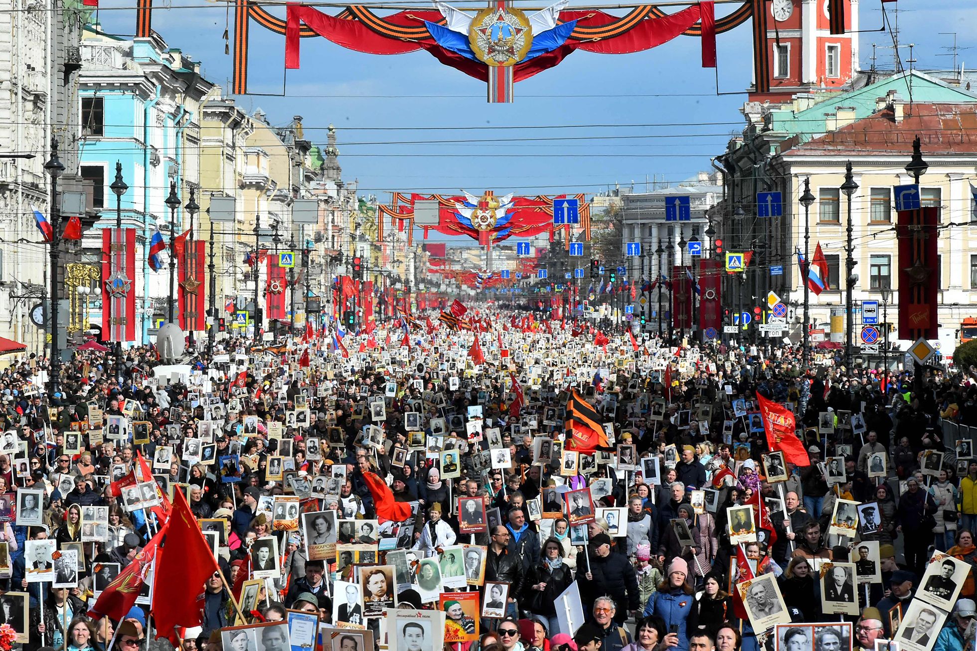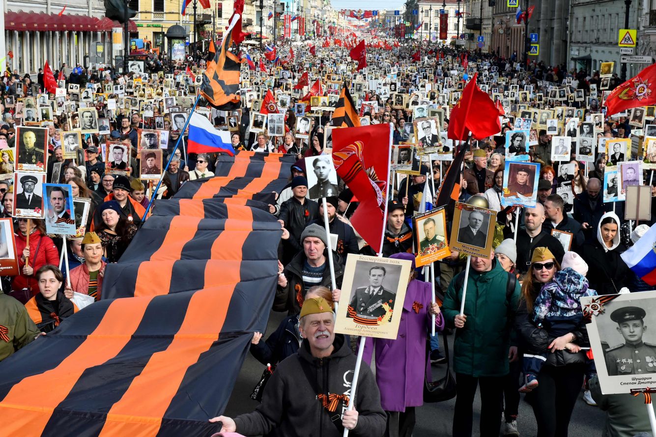 В пресс-службе Смольного сообщали, что в шествии приняло участие более миллиона человек (население Санкт-Петербурга — около 5,6 миллиона человек, Ленинградской области — 1,9 миллиона). Почти в самом начале колонны шел мужчина с флагом СССР на длинной палке: по его мнению, этот флаг 9 мая должен быть «выше остальных». Мужчина считал, что «Россия всегда воевала против фашизма», и в этот день он хочет поддержать страну и ее армию. «Если где-то в мире зарождается фашизм, его надо уничтожить», — был убежден мужчина.
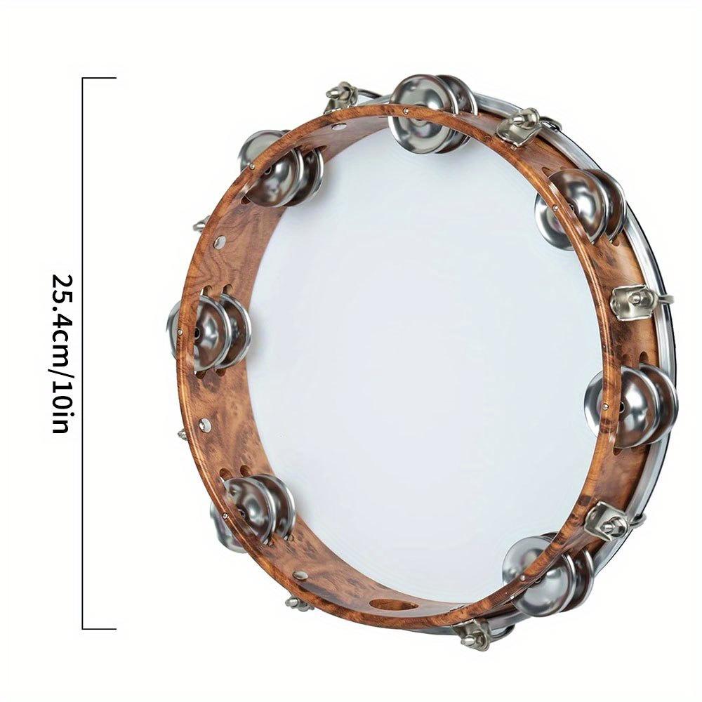 10-inch Tambourine Double Row Stainless Steel Bells with Adjustment Tuning Tool Hand Clapper Drum Performing
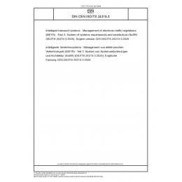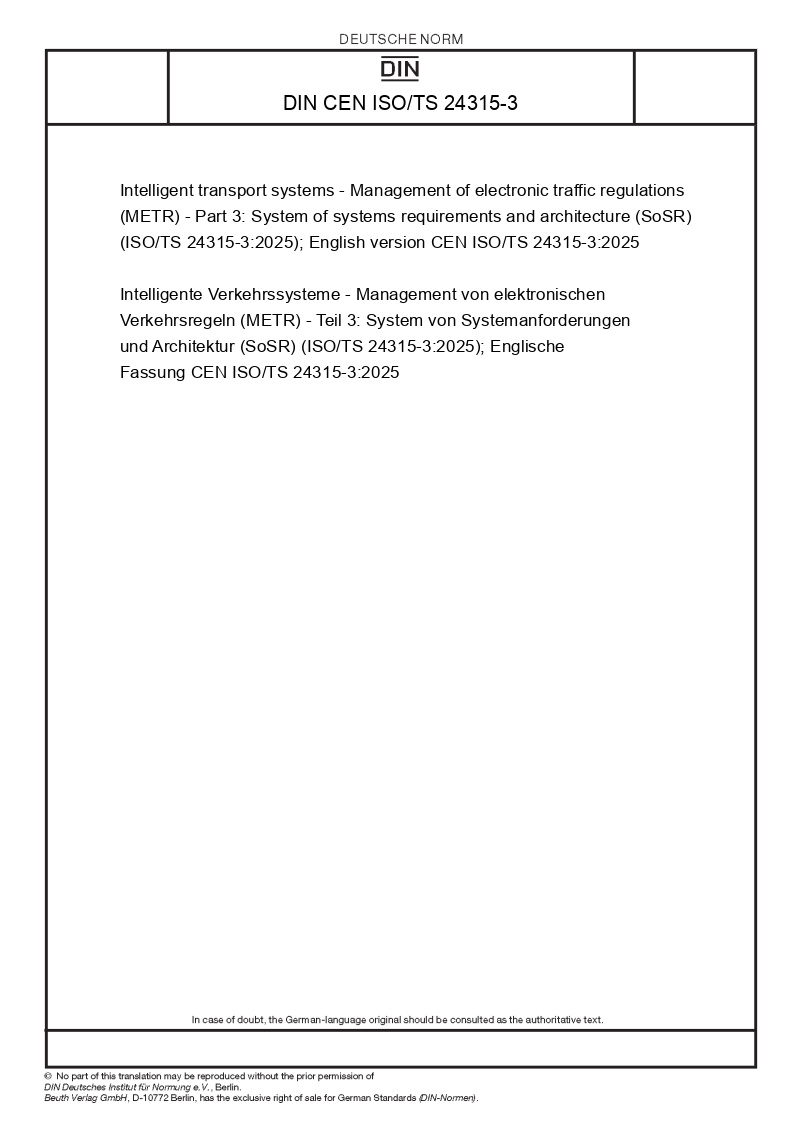 | Name: | Intelligent transport systems - Management of electronic traffic regulations (METR) - Part 3: System of systems requirements and architecture (SoSR) (ISO/TS 24315-3:2025); English version CEN ISO/TS 24315-3:2025 |

Exercise description
Exclude all images and retype the data precisely.

Expected answer
 В пресс-службе Смольного сообщали, что в шествии приняло участие более миллиона человек (население Санкт-Петербурга — около 5,6 миллиона человек, Ленинградской области — 1,9 миллиона). Почти в самом начале колонны шел мужчина с флагом СССР на длинной палке: по его мнению, этот флаг 9 мая должен быть «выше остальных». Мужчина считал, что «Россия всегда воевала против фашизма», и в этот день он хочет поддержать страну и ее армию. «Если где-то в мире зарождается фашизм, его надо уничтожить», — был убежден мужчина.
 10-inch Tambourine Double Row Stainless Steel Bells with Adjustment Tuning Tool Hand Clapper Drum Performing
 | Name: | Intelligent transport systems - Management of electronic traffic regulations (METR) - Part 3: System of systems requirements and architecture (SoSR) (ISO/TS 24315-3:2025); English version CEN ISO/TS 24315-3:2025 |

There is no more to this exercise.